**What this task involves**
In the listing beneath this line, copy exactly the lines starting with the one containing "1)打開易班,點擊校園好聲音】,接著點擊【我要參賽】;(如下圖)" and going on through the one containing "You Give Peace".

**Stored data**
========================
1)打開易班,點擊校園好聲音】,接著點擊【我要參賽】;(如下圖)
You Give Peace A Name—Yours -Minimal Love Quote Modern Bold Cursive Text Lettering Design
========================
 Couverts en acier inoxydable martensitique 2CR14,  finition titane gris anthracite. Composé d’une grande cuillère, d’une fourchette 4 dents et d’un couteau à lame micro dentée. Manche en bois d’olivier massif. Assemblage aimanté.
========================
**Written solution**
1)打開易班,點擊校園好聲音】,接著點擊【我要參賽】;(如下圖)
You Give Peace A Name—Yours -Minimal Love Quote Modern Bold Cursive Text Lettering Design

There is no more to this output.